Several reports showed the impact of CS and TA on agricultural income has not been thoroughly studied in most emerging countries, such as Pakistan. Additionally, according to the author’s best information, the studies on the impact of CS and TA on agricultural income do not exist for Pakistan, and those present for other emerging nations are mostly qualitative rather than quantitative. The present study used PSM and DSM methods to examine the data of wheat growers from Pakistan’s KPK province to understand the influence of farmer’s CS and TA decisions on their farming benefits. The PSM model was also utilized to reduce farmer’s selection bias caused by observation factors and the variance of agricultural benefits under various choices calculated through counterfactual analysis. Balance testing and sensitivity analysis were used to evaluate model performance.
First, CS can significantly enhance growers’ agricultural benefits by controlling the ad-hoc selection of farmers. In the low-income sample, the positive influence of cooperative members on incomes is sturdier than the incomplete sample, which means that participation in cooperatives has the potential reducing poverty. Second, TA can also significantly increase farmer’s agricultural benefits by controlling farmer’s ad-hoc selection bias. In addition, there is a substantial association among farmer’s choices about CS and TA. In the low-income sample, TA had a sturdier influence on income than the full sample, indicating that TA can help reduce poverty and increase agricultural income. Third, factors such as farmer’s social capital are also significantly related to farmer’s CS and TA choices. CS is substantially correlated with social participation and trust for the whole sample. For the low-income growers, social participation and social trust have significantly improved the membership of cooperatives, and other control features have various influences on the cooperatives’ membership. TA has a significant positive association with social participation, trust, and social network for the growers in the whole sample. Social trust, social participation, and the social network had significantly increased the TA rate for the fewer income groups.
The analysis showed strong relationships among education, age, skill, training, gender with CS and TA, and agricultural benefits.

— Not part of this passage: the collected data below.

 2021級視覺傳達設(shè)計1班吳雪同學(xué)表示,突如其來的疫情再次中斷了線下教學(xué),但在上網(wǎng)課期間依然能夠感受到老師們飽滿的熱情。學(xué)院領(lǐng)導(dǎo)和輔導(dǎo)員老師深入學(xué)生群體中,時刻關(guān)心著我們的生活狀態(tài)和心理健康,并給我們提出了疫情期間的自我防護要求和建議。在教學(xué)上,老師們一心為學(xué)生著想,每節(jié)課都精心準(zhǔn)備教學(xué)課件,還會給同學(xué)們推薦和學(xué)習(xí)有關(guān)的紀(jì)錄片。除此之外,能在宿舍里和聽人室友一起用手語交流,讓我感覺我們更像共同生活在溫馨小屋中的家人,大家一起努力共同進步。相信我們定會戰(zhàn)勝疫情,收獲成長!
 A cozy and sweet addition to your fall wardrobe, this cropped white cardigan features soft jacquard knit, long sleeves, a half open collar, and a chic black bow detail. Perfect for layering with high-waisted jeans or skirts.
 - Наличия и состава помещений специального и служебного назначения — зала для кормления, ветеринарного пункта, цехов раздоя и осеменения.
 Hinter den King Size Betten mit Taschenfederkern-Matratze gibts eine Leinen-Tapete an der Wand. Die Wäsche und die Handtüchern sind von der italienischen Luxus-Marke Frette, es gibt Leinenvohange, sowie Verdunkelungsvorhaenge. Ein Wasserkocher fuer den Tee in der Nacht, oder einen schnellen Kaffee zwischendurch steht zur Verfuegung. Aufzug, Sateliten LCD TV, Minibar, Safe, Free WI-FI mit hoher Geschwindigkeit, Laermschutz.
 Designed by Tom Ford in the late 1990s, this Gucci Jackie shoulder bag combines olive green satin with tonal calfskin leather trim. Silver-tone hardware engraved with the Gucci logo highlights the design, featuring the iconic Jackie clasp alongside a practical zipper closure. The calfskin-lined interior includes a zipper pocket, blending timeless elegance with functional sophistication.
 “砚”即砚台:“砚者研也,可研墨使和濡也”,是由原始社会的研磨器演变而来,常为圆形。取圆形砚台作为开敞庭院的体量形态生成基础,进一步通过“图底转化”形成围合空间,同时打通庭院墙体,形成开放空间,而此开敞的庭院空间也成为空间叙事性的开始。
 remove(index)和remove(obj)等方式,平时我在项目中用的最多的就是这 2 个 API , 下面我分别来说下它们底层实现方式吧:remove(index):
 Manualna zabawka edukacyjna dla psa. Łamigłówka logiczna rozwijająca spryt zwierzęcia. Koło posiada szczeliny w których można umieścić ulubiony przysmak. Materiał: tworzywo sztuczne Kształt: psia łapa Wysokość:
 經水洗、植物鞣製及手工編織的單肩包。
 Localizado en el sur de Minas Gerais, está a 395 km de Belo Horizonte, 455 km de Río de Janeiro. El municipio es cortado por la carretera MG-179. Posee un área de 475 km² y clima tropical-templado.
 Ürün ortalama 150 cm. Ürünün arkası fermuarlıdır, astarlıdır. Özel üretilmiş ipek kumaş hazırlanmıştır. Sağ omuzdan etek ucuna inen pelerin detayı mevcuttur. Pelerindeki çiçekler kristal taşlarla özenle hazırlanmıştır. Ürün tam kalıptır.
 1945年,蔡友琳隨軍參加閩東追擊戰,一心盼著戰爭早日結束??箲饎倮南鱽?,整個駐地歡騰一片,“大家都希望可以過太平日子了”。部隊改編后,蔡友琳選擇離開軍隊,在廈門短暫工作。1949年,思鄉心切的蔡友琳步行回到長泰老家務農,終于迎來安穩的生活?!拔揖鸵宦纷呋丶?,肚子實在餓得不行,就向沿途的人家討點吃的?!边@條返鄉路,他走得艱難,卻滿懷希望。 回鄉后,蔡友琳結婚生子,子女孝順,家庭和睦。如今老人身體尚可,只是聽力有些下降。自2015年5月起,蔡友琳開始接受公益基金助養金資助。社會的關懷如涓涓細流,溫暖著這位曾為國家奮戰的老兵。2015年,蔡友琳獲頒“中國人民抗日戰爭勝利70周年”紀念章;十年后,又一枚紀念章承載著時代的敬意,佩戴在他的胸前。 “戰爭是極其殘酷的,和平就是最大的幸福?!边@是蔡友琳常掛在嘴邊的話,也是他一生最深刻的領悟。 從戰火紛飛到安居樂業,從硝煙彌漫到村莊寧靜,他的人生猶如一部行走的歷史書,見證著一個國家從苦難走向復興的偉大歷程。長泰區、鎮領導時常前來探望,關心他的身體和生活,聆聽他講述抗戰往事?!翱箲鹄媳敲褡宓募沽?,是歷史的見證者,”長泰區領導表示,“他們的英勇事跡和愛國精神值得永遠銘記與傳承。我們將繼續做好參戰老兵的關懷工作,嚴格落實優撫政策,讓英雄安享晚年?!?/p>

While these findings are crucial to understanding the relationship between agricultural cooperative service and adoption of agricultural technology, it is rather important to conduct similar studies in a different country because several critical factors impact the decision of farmers to adopt agricultural technology.
This article proposes some policy-related recommendations. For example, the government and non-government organizations should take actions to regulate relevant legislation to support the farmer’s cooperatives development, particularly in low-income areas; promote cost-decreasing emerging agricultural technologies, increasing the amount and quantity of subsidies for the purchase of advanced and improved agricultural technologies; and support cooperative propaganda to growers, regulate the cooperatives’ process, improve the cooperative service capability, and solve the problems encountered by wheat growers in the process of the farming operation and production. As discussed in this article, several governmental and non-governmental organizations can support farmers/growers for cooperative support and adopting technologies to achieve agricultural-related SDGs.
This study has some limitations, and future researchers could address these limitations. This study did not consider detailed agronomic practices implemented by farmers, which could help understand the role of agronomic practices in the agricultural sector, which was beyond the scope of this study. Additionally, the current research did not measure the influence of implemented agricultural practices on the environment. Due to funding and the COVID-19 pandemic constraints, this study only focused on four districts in Pakistan’s KPK province. Future researchers can consider large sample size, possibly an entire country. In addition, future researchers could consider how farmer’s CS and membership affect other parts of the agricultural sector (such as agricultural progress, production efficiency, productivity, market information, etc.). Finally, this research only recognized agricultural income, and future researchers could further explore other essential parts of agricultural development and poverty reduction in rural areas.

Author Contributions

N.K., R.L.R., H.S.K., M.I., B.N.S. and S.Z. developed and outlined this concept, including the method and approach to be used; N.K. and R.L.R. developed and outlined the manuscript; N.K., R.L.R., H.S.K. and S.Z. contributed to the methodology and revision of this manuscript; N.K. and R.L.R. wrote the article. All authors have read and agreed to the published version of the manuscript.

Funding

The authors extend their appreciation to the researchers supporting the project of (No: RSP−2021/403) King Saud University, Riyadh, Saudi Arabia.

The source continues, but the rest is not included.